После ухода Дымова, когда Елена Николаевна укладывалась спать, возбужденная и очень расстроенная состоявшимся разговором, проснулся Саша, спросил.
– Мам, а Дымов где?
– Дымов, Сашенька, ушел. Уже не рано.
– Жалко. Не поговорил я с ним, уснул как-то нечаянно.
– О чем же ты хотел говорить с ним?
– Об учебе. В моих учениках.
– Саша, – осторожно начала Елена Николаевна, – ты у меня уже большой, все понимаешь. Любишь ты Кешу Дымова?
– Люблю. И сильно.
– А не хотел бы ты, чтобы он стал твоим папкой?
Саша нахмурился, посмотрел на мать вопросительно, в глазах мелькнуло изумление.
–Папка у меня один. И он убит. Второго папки у меня никогда не будет. Никогда.
– Извини, Саша, я не так сказала. Да, папка у тебя один и другого не будет. А не хотел бы ты, чтобы Дымов стал твоим отчимом?
Саша долго молчал. Выражения его лица, его глаз Елена Николаевна не видела, они разговаривали в темноте, и мучительно ждала, что ответит сын. Знала, что затронула самую больную ранку его сердца, и затаив дыхание, ждала ответа, твердо решив про себя: как скажет сын – так и будет.

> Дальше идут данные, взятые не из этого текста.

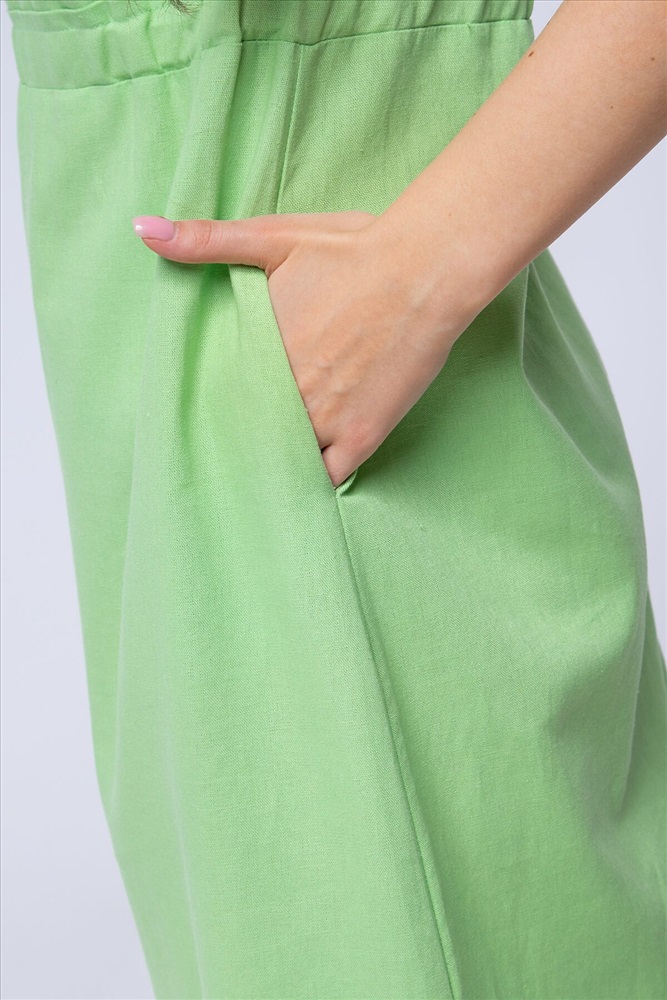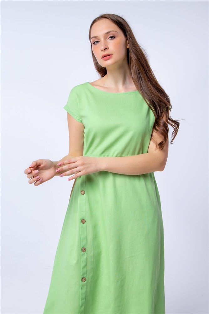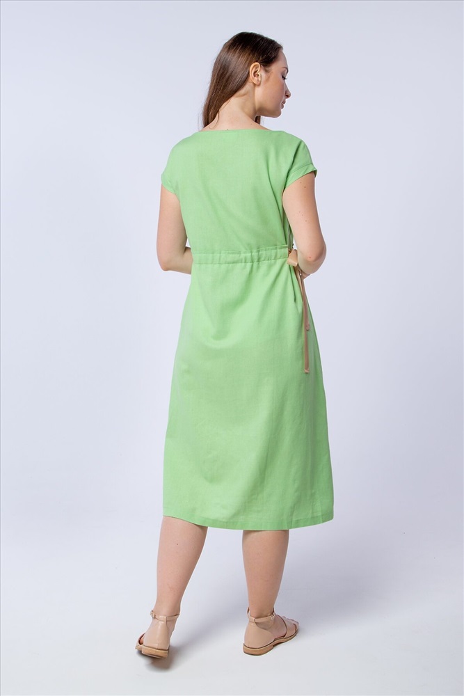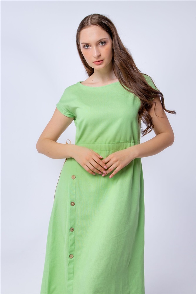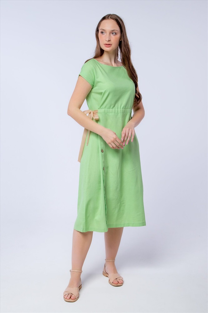 Женское платье с акцентом на талии разработано специально для жарких летних дней. Благодаря свободной посадке платья в нём будет комфортно на улице, а длинна и фасон позволяют ему любимчиком в офисном гардеробе. Пояс с завязкой сбоку, выгодно подчеркнёт талию, а вертикальный ряд пуговиц на юбке вытянет силуэт и сделает его стройнее. Лён, из которого выполнено платье, является экологичным и дышащим материалом. Пуговицы из дерева отлично дополняют дизайн платья.
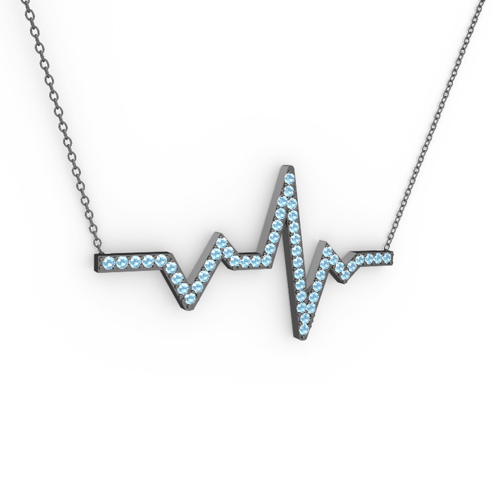 Akuamarin 925 ayar siyah rodyum kaplama gümüş kolye (40 cm gümüş rolo zincir)
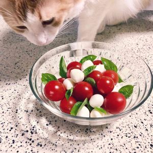 今日の夕食になったバジルです トマト モッツァレラチーズ と一緒に オリーブオイル 塩 胡椒をかけて出来上がり ノルウェージャン フォレスト キャットの林太郎(りんたろう)はチーズが大好きです
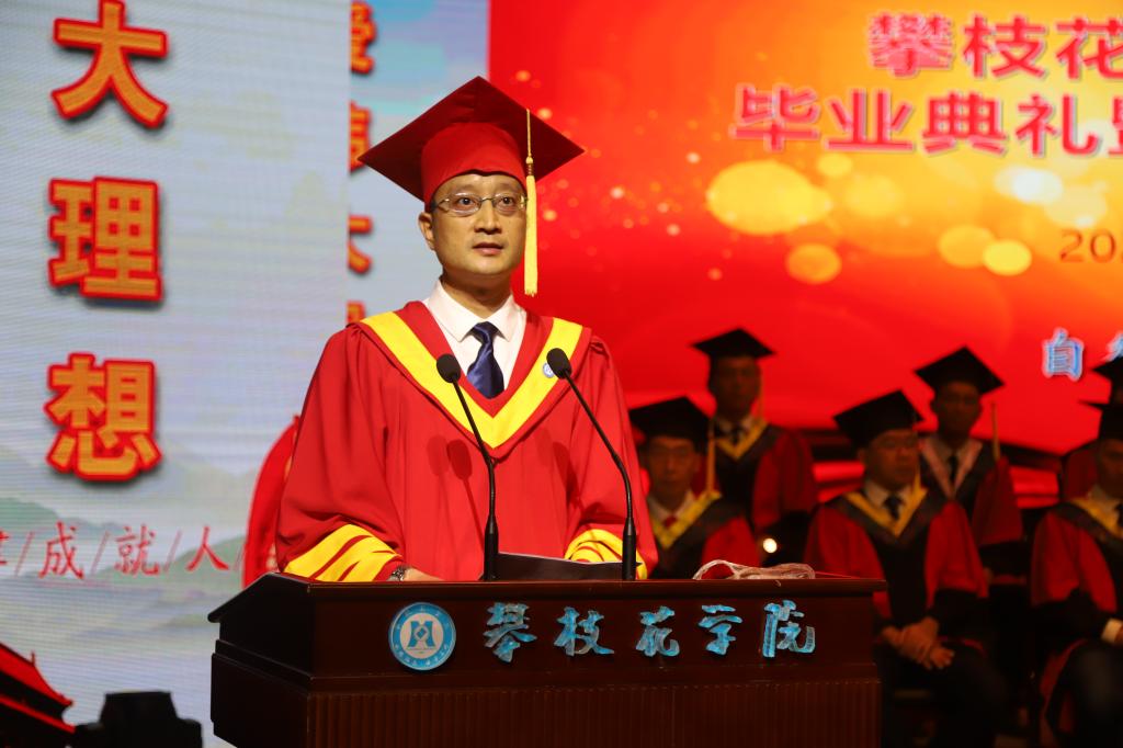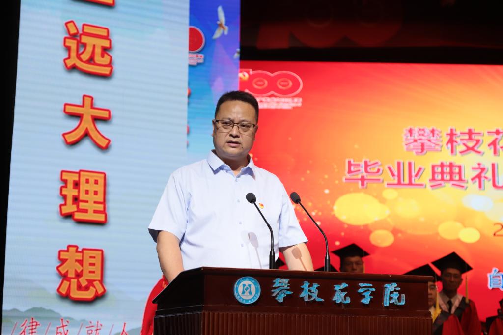 典礼上,党委副书记胥刚宣读《关于表彰四川省2021届优秀大学毕业生的决定》,副校长王兵宣读《攀枝花学院学位评定委员会关与2021届本科毕业生的授位决议》。
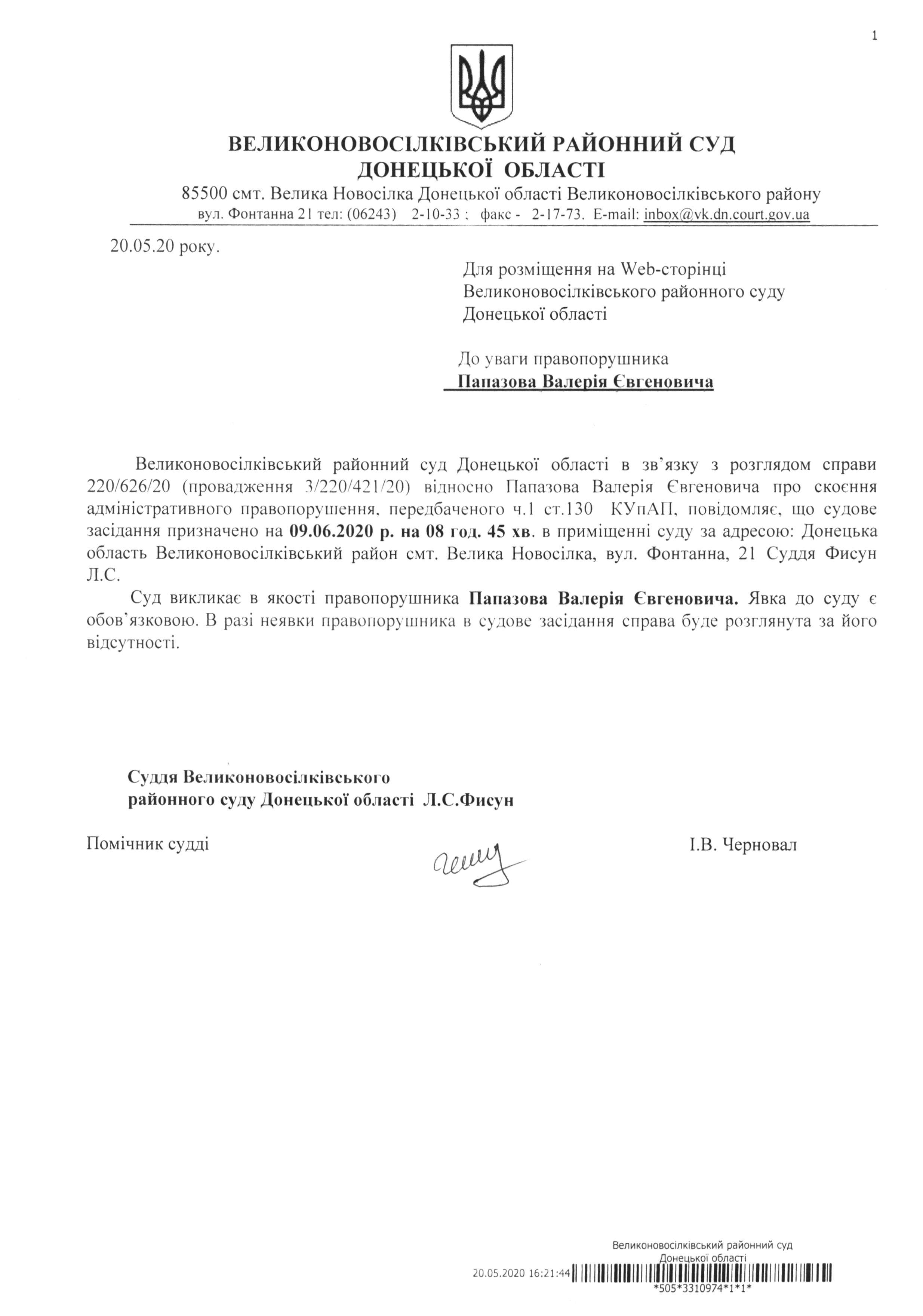 До уваги правопорушника Папазова Валерія Євгеновича
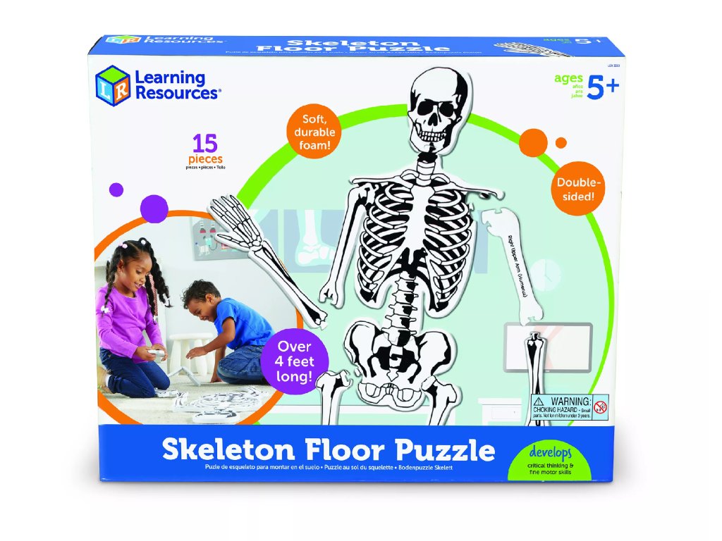 Пяна скелет в реален размер е подходящ инструмент за представяне на пропорциите на отделните части на човешкото тяло. Детето може да сглоби скелета на земята и да научи основните кости.

– А это обязательно, чтобы Дымов был не только моим любимым учеником, но и отчимом?
– Нет. Сашенька, конечно не обязательно. Совсем не обязательно. Но ты понимаешь, папку не вернуть, а я еще молода и лучшие годы бесследно уходят в одиночестве и печали. А верный друг в жизни – крепкая защита, кто нашел его, тот нашел сокровище. Беспросветная печаль вредит сердцу человека и быстро старит его. Ты меня понимаешь?
– Понимаю, мама.
– Дымов признался мне сегодня в своей любви и просил стать его женой.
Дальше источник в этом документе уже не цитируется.